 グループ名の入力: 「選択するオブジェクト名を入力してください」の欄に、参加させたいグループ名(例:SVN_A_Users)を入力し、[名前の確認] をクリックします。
* * *
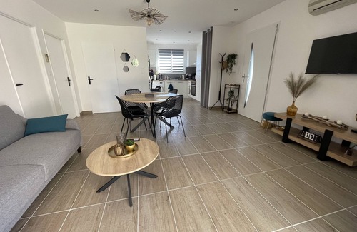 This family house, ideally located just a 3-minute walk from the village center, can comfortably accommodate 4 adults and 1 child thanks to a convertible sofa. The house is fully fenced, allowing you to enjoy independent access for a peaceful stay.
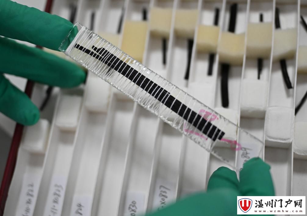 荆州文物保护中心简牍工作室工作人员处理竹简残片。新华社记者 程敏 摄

- **What is being asked**
Within the listing above, the lines from the one with "This family house, ideally" through the one with "荆州文物保护中心简牍工作室工作人员处理竹简残片。新华社记者 程敏 摄" are to be given again word for word. Do not include pictures.

- **Output**
 This family house, ideally located just a 3-minute walk from the village center, can comfortably accommodate 4 adults and 1 child thanks to a convertible sofa. The house is fully fenced, allowing you to enjoy independent access for a peaceful stay.
 荆州文物保护中心简牍工作室工作人员处理竹简残片。新华社记者 程敏 摄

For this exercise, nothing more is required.